Le silence tomba à nouveau, pesant. On entendait au loin la porte de la chambre de la grande sœur s’ouvrir, puis des pas qui descendaient l’escalier.
Ayumi Sora
(d’une voix encore ensommeillée) Qu’est-ce qui se passe ?
Haruka (mère)
(soupirant) Ta sœur rêve encore… Elle croit qu’elle peut suivre une année entière d’école.
Ayumi Sora
(serrant les poings) Ce n’est pas un rêve. C’est mon choix. Et je le ferai, même si je dois me battre pour ça.
Un frisson parcourut la pièce. Haruka détourna les yeux. Pendant une seconde, Ayumi crut voir dans le regard de sa mère non pas de la peur, mais… autre chose. Un éclat d’ombre, comme si cette idée réveillait un souvenir enfoui, un danger dont elle ne voulait pas parler.
Haruka (mère)
(après un long silence) Très bien. Essaie. Mais ne viens pas dire que je ne t’ai pas prévenue.

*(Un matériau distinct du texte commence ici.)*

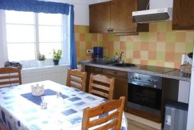 Die Hofwohnung (50 qm) befindet sich ebenfalls im Obergeschoss des Bauernhauses mit Blick auf den Hof und ist einfach und funktional ausgestattet. Sie besteht aus einem Wohnzimmer mit Sitzecke, offener Küche mit Esstisch (ohne Geschirrspüler), einem Schlafzimmer mit Doppelbett und einem Schlafzimmer mit Etagen- und Einzelbett sowie einem Duschbad.
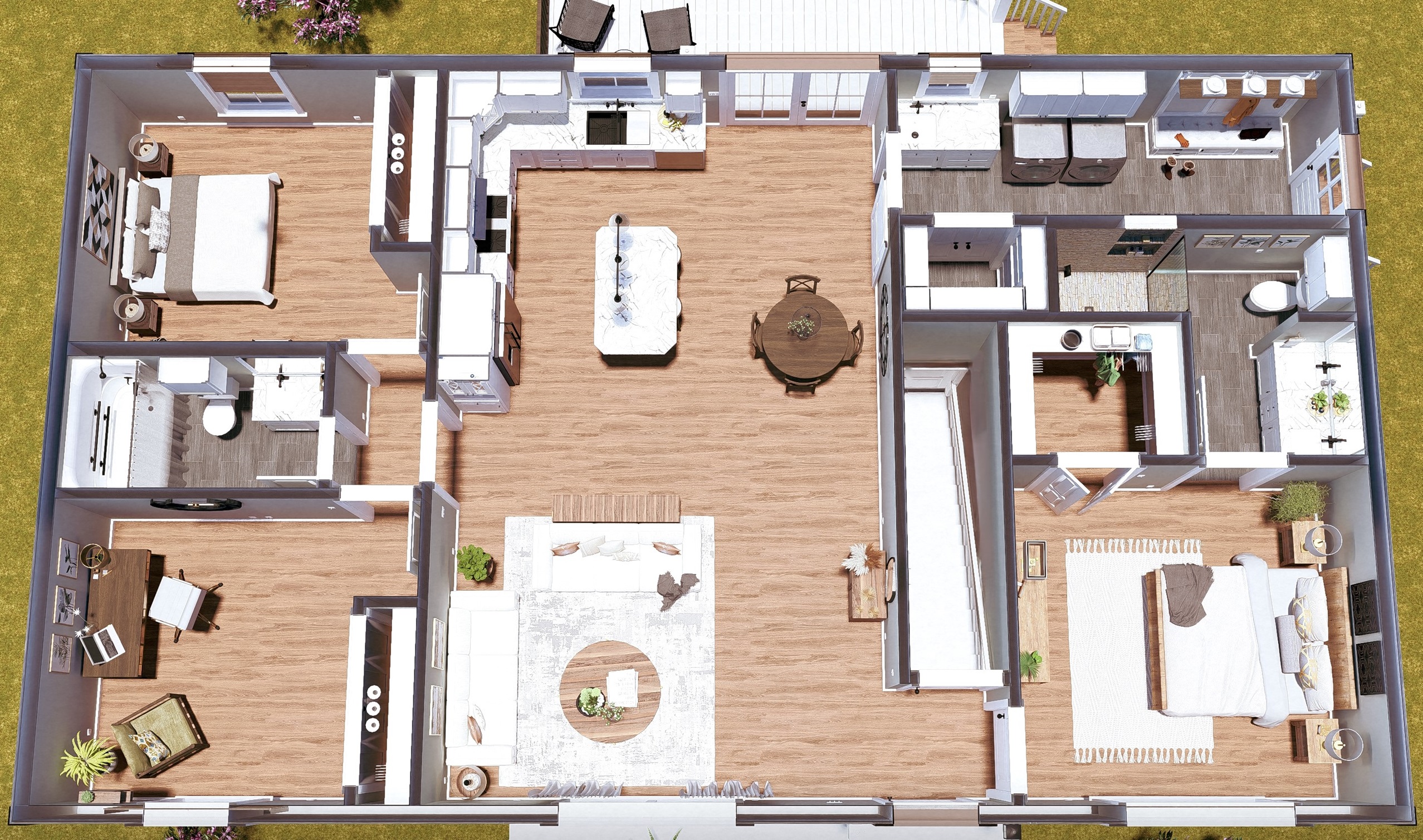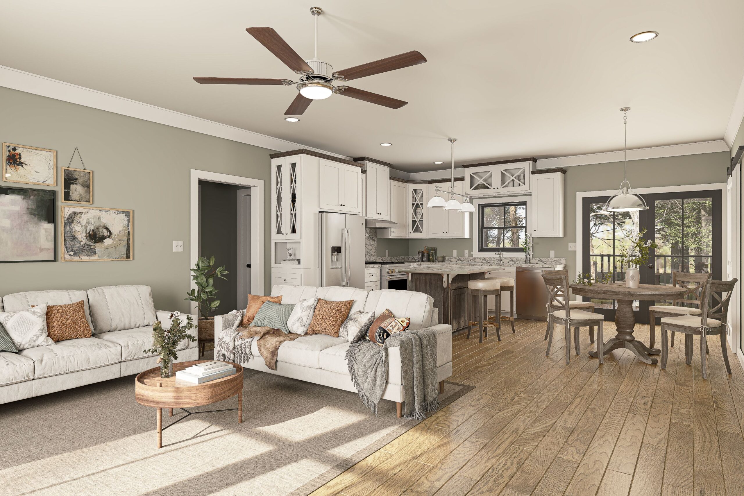 This floor plan offers 1,402 heated square feet with 3 bedrooms and 2 bathrooms. The garage is a drive-under 2-car garage. The main living area is open and spacious, featuring a large island with a counter-high snack bar in the kitchen. Additionally, there is a walk-in pantry in the laundry room. The laundry/mudroom is equipped with a sink, counter space, and locker area. The split bedroom layout provides privacy, with the Master bedroom featuring a walk-in closet, a bathroom with dual sinks, and a custom shower. In the rear, there is an 8-foot-deep deck. The walkout basement includes a 2-car garage, space for a future bathroom, and an owner’s choice room with room for storage.

Un faible sourire se dessina sur les lèvres d’Ayumi. Elle avait gagné. Mais au fond d’elle, une voix chuchotait que cette victoire allait l’entraîner beaucoup plus loin qu’elle ne l’imaginait.
***
La veille de la rentrée, Ayumi sortit sur le balcon. Le froid mordait ses joues. La neige tombait lentement, recouvrant le sol d’un manteau blanc. Elle leva les yeux vers le ciel, comme pour y chercher une réponse.
Dans la rue, elle crut voir une silhouette, immobile, tournée vers la maison. Quand elle cligna des yeux, il n’y avait plus rien.
Ayumi Sora
(murmurant) Je sais que quelqu’un me regarde…
Le vent se leva soudain, emportant ses mots dans la nuit.
Et Ayumi comprit qu’une nouvelle page de sa vie s’ouvrait. Mais pas celle qu’elle espérait.